[WHAT THE EXERCISE ASKS]
From the records below, extract all the text exactly and leave the images behind.
++++ GIVEN INFORMATION ++++
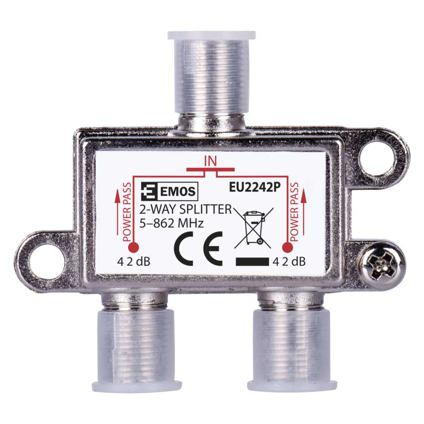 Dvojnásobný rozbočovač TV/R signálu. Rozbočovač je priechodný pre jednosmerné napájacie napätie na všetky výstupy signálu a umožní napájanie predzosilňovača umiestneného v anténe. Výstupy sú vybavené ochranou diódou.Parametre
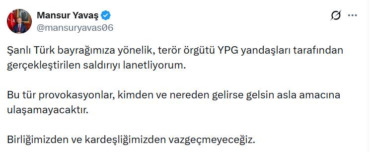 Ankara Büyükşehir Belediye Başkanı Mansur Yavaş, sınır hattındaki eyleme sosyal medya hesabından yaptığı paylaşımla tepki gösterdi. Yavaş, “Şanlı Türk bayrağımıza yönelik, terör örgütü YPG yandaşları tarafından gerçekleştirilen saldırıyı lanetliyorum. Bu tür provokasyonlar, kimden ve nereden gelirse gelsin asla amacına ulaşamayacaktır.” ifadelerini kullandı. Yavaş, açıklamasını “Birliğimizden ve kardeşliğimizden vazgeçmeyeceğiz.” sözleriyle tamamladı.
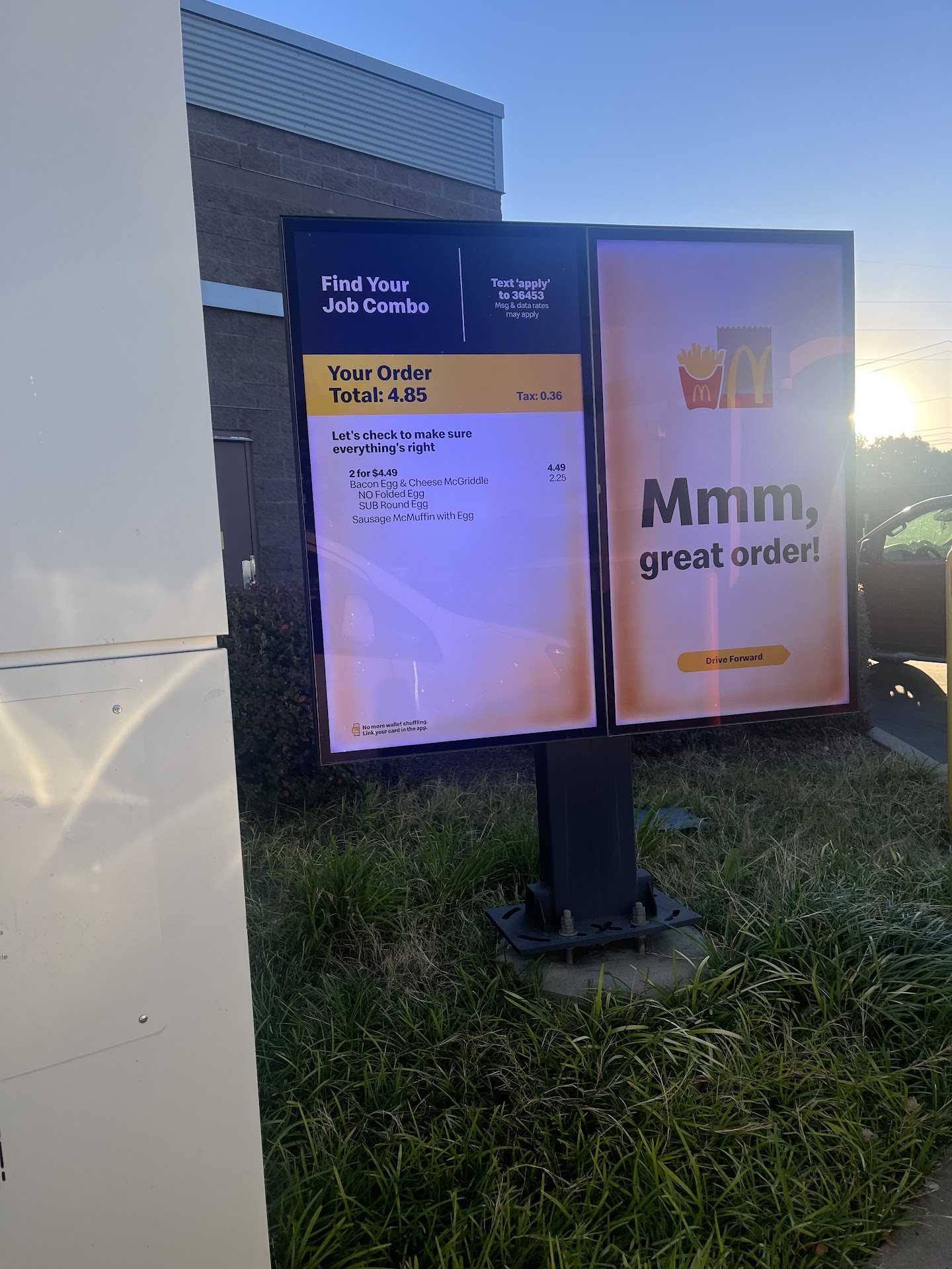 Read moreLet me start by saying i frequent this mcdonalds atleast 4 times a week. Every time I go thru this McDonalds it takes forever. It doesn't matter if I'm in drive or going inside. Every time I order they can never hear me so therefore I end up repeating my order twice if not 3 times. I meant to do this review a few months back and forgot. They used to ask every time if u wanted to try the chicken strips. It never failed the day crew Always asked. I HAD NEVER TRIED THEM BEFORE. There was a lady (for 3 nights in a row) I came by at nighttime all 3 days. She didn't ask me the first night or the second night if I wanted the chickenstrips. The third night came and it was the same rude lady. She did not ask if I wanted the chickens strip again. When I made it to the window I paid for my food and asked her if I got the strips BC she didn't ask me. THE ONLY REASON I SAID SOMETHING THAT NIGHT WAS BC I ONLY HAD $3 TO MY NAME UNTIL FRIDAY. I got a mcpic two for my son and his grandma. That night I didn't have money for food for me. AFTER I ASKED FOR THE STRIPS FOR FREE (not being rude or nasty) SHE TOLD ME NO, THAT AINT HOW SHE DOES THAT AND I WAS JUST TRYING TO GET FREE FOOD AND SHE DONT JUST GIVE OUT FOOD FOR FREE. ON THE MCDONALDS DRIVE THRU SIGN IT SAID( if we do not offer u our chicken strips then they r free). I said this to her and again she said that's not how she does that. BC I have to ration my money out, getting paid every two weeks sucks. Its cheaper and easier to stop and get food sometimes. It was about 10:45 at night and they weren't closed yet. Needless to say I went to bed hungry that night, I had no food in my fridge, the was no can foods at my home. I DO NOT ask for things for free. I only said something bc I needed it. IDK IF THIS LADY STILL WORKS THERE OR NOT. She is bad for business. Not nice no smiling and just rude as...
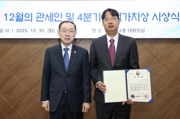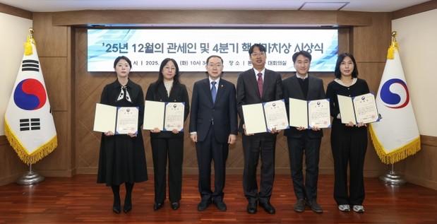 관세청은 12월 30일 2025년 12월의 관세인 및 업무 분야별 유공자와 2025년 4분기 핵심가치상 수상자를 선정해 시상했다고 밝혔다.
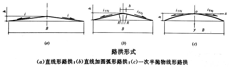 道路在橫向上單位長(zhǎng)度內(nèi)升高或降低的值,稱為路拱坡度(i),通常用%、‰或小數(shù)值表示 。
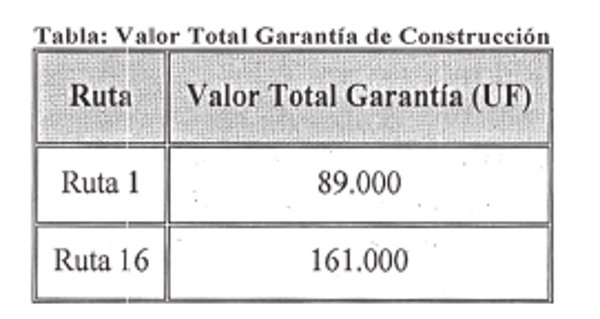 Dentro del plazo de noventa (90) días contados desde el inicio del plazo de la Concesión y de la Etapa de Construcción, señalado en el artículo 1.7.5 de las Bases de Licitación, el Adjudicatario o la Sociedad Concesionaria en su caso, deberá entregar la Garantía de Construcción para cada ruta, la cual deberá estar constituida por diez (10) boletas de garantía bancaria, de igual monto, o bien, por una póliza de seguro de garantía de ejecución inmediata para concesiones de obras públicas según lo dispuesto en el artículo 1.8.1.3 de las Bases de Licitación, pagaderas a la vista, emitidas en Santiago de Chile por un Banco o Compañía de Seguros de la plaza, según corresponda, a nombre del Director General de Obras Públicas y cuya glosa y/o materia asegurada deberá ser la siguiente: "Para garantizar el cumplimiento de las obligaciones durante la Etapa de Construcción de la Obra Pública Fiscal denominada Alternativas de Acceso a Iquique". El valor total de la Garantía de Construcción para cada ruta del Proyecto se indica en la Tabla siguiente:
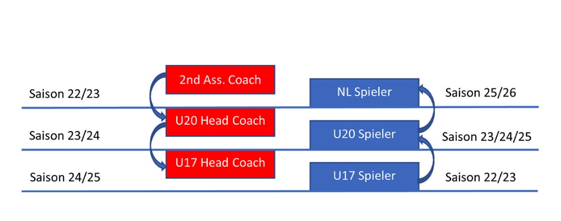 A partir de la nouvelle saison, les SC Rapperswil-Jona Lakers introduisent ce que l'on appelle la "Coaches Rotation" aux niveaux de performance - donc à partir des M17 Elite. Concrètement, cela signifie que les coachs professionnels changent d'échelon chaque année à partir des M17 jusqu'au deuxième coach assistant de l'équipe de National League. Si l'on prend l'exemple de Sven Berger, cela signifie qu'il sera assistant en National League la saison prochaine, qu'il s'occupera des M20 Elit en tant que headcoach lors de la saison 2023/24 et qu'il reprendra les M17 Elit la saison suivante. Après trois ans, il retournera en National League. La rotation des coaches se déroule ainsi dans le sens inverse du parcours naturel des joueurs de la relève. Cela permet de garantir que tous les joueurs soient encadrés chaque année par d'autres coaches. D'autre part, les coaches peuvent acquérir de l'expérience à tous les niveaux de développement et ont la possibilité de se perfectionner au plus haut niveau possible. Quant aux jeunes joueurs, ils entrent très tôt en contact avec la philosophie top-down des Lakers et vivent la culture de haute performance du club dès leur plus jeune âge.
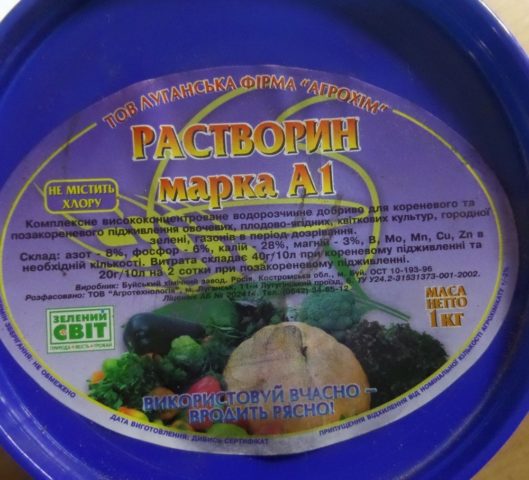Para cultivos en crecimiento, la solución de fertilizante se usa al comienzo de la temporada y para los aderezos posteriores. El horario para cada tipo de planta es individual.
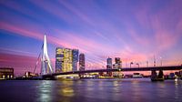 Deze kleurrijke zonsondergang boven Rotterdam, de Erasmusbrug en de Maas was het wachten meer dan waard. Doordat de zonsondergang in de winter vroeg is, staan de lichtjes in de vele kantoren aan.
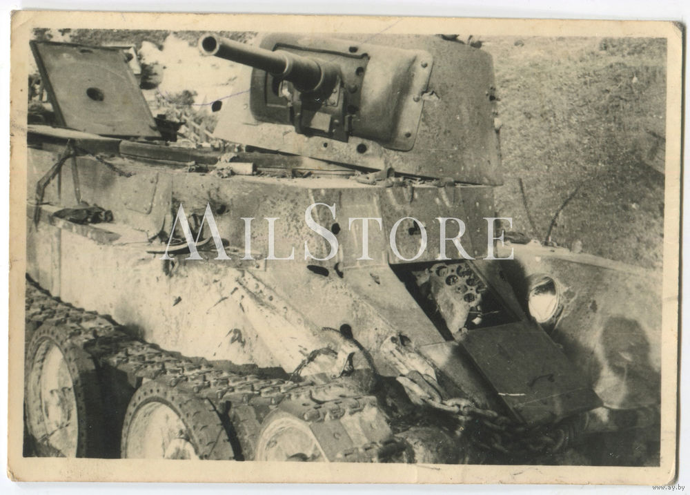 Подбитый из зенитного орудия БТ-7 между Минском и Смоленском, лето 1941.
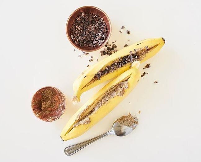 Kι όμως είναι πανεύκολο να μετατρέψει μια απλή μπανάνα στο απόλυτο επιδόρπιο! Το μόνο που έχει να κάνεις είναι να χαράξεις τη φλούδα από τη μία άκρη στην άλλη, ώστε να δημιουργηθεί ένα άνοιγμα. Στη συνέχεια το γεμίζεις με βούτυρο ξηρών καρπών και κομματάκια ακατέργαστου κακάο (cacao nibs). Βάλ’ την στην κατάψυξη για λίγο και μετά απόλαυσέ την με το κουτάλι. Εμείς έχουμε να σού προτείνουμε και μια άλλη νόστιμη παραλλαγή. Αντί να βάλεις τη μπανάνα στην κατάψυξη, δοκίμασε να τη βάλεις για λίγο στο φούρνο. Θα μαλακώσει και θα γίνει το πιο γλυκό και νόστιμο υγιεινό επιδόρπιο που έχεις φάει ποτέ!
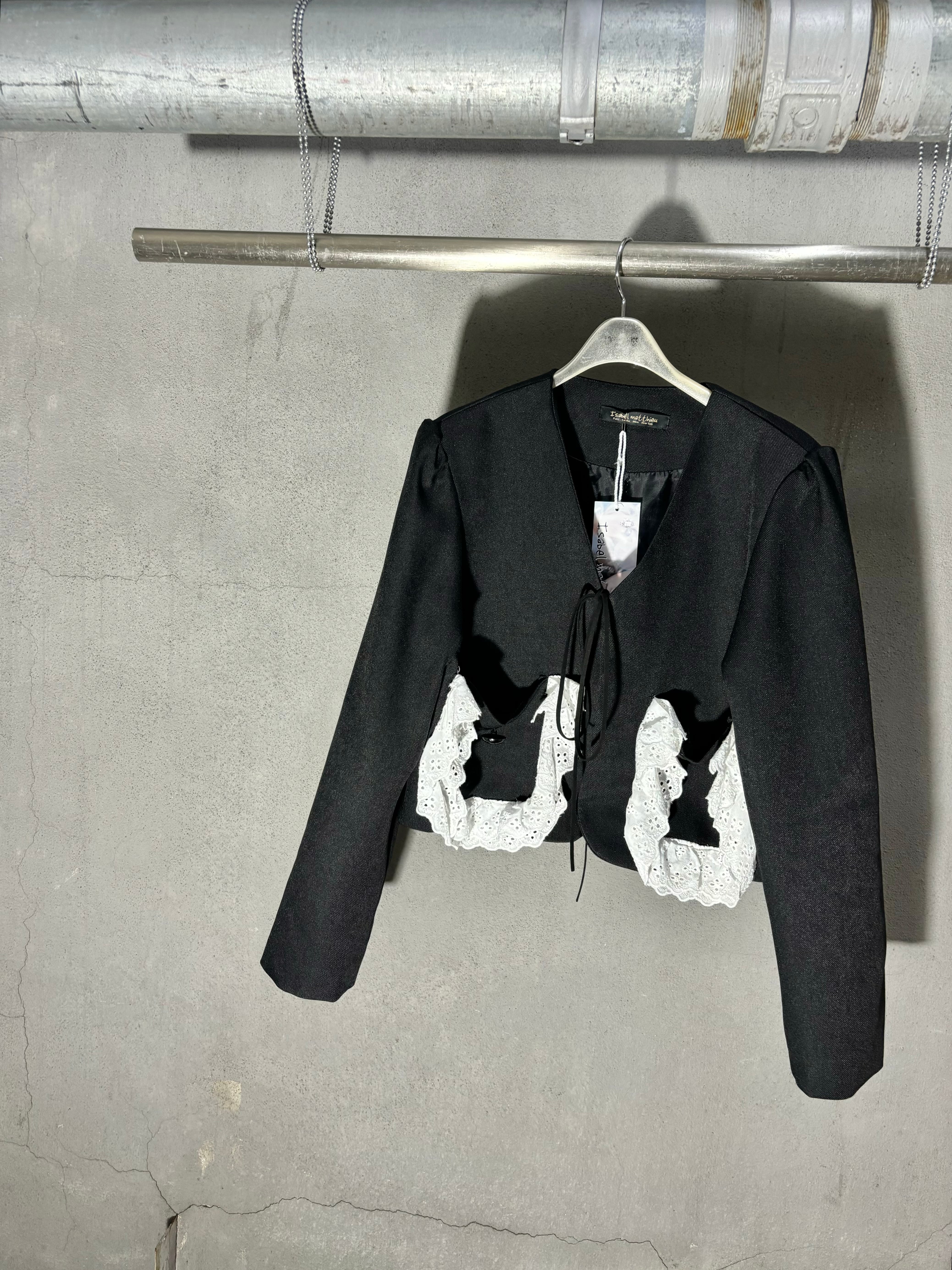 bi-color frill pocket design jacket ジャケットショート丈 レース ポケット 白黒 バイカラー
++++
[ANSWER AREA]
 Dvojnásobný rozbočovač TV/R signálu. Rozbočovač je priechodný pre jednosmerné napájacie napätie na všetky výstupy signálu a umožní napájanie predzosilňovača umiestneného v anténe. Výstupy sú vybavené ochranou diódou.Parametre
 Ankara Büyükşehir Belediye Başkanı Mansur Yavaş, sınır hattındaki eyleme sosyal medya hesabından yaptığı paylaşımla tepki gösterdi. Yavaş, “Şanlı Türk bayrağımıza yönelik, terör örgütü YPG yandaşları tarafından gerçekleştirilen saldırıyı lanetliyorum. Bu tür provokasyonlar, kimden ve nereden gelirse gelsin asla amacına ulaşamayacaktır.” ifadelerini kullandı. Yavaş, açıklamasını “Birliğimizden ve kardeşliğimizden vazgeçmeyeceğiz.” sözleriyle tamamladı.
 Read moreLet me start by saying i frequent this mcdonalds atleast 4 times a week. Every time I go thru this McDonalds it takes forever. It doesn't matter if I'm in drive or going inside. Every time I order they can never hear me so therefore I end up repeating my order twice if not 3 times. I meant to do this review a few months back and forgot. They used to ask every time if u wanted to try the chicken strips. It never failed the day crew Always asked. I HAD NEVER TRIED THEM BEFORE. There was a lady (for 3 nights in a row) I came by at nighttime all 3 days. She didn't ask me the first night or the second night if I wanted the chickenstrips. The third night came and it was the same rude lady. She did not ask if I wanted the chickens strip again. When I made it to the window I paid for my food and asked her if I got the strips BC she didn't ask me. THE ONLY REASON I SAID SOMETHING THAT NIGHT WAS BC I ONLY HAD $3 TO MY NAME UNTIL FRIDAY. I got a mcpic two for my son and his grandma. That night I didn't have money for food for me. AFTER I ASKED FOR THE STRIPS FOR FREE (not being rude or nasty) SHE TOLD ME NO, THAT AINT HOW SHE DOES THAT AND I WAS JUST TRYING TO GET FREE FOOD AND SHE DONT JUST GIVE OUT FOOD FOR FREE. ON THE MCDONALDS DRIVE THRU SIGN IT SAID( if we do not offer u our chicken strips then they r free). I said this to her and again she said that's not how she does that. BC I have to ration my money out, getting paid every two weeks sucks. Its cheaper and easier to stop and get food sometimes. It was about 10:45 at night and they weren't closed yet. Needless to say I went to bed hungry that night, I had no food in my fridge, the was no can foods at my home. I DO NOT ask for things for free. I only said something bc I needed it. IDK IF THIS LADY STILL WORKS THERE OR NOT. She is bad for business. Not nice no smiling and just rude as...
 관세청은 12월 30일 2025년 12월의 관세인 및 업무 분야별 유공자와 2025년 4분기 핵심가치상 수상자를 선정해 시상했다고 밝혔다.
 道路在橫向上單位長(zhǎng)度內(nèi)升高或降低的值,稱為路拱坡度(i),通常用%、‰或小數(shù)值表示 。
 Dentro del plazo de noventa (90) días contados desde el inicio del plazo de la Concesión y de la Etapa de Construcción, señalado en el artículo 1.7.5 de las Bases de Licitación, el Adjudicatario o la Sociedad Concesionaria en su caso, deberá entregar la Garantía de Construcción para cada ruta, la cual deberá estar constituida por diez (10) boletas de garantía bancaria, de igual monto, o bien, por una póliza de seguro de garantía de ejecución inmediata para concesiones de obras públicas según lo dispuesto en el artículo 1.8.1.3 de las Bases de Licitación, pagaderas a la vista, emitidas en Santiago de Chile por un Banco o Compañía de Seguros de la plaza, según corresponda, a nombre del Director General de Obras Públicas y cuya glosa y/o materia asegurada deberá ser la siguiente: "Para garantizar el cumplimiento de las obligaciones durante la Etapa de Construcción de la Obra Pública Fiscal denominada Alternativas de Acceso a Iquique". El valor total de la Garantía de Construcción para cada ruta del Proyecto se indica en la Tabla siguiente:
 A partir de la nouvelle saison, les SC Rapperswil-Jona Lakers introduisent ce que l'on appelle la "Coaches Rotation" aux niveaux de performance - donc à partir des M17 Elite. Concrètement, cela signifie que les coachs professionnels changent d'échelon chaque année à partir des M17 jusqu'au deuxième coach assistant de l'équipe de National League. Si l'on prend l'exemple de Sven Berger, cela signifie qu'il sera assistant en National League la saison prochaine, qu'il s'occupera des M20 Elit en tant que headcoach lors de la saison 2023/24 et qu'il reprendra les M17 Elit la saison suivante. Après trois ans, il retournera en National League. La rotation des coaches se déroule ainsi dans le sens inverse du parcours naturel des joueurs de la relève. Cela permet de garantir que tous les joueurs soient encadrés chaque année par d'autres coaches. D'autre part, les coaches peuvent acquérir de l'expérience à tous les niveaux de développement et ont la possibilité de se perfectionner au plus haut niveau possible. Quant aux jeunes joueurs, ils entrent très tôt en contact avec la philosophie top-down des Lakers et vivent la culture de haute performance du club dès leur plus jeune âge.
Para cultivos en crecimiento, la solución de fertilizante se usa al comienzo de la temporada y para los aderezos posteriores. El horario para cada tipo de planta es individual.
 Deze kleurrijke zonsondergang boven Rotterdam, de Erasmusbrug en de Maas was het wachten meer dan waard. Doordat de zonsondergang in de winter vroeg is, staan de lichtjes in de vele kantoren aan.
 Подбитый из зенитного орудия БТ-7 между Минском и Смоленском, лето 1941.
 Kι όμως είναι πανεύκολο να μετατρέψει μια απλή μπανάνα στο απόλυτο επιδόρπιο! Το μόνο που έχει να κάνεις είναι να χαράξεις τη φλούδα από τη μία άκρη στην άλλη, ώστε να δημιουργηθεί ένα άνοιγμα. Στη συνέχεια το γεμίζεις με βούτυρο ξηρών καρπών και κομματάκια ακατέργαστου κακάο (cacao nibs). Βάλ’ την στην κατάψυξη για λίγο και μετά απόλαυσέ την με το κουτάλι. Εμείς έχουμε να σού προτείνουμε και μια άλλη νόστιμη παραλλαγή. Αντί να βάλεις τη μπανάνα στην κατάψυξη, δοκίμασε να τη βάλεις για λίγο στο φούρνο. Θα μαλακώσει και θα γίνει το πιο γλυκό και νόστιμο υγιεινό επιδόρπιο που έχεις φάει ποτέ!
 bi-color frill pocket design jacket ジャケットショート丈 レース ポケット 白黒 バイカラー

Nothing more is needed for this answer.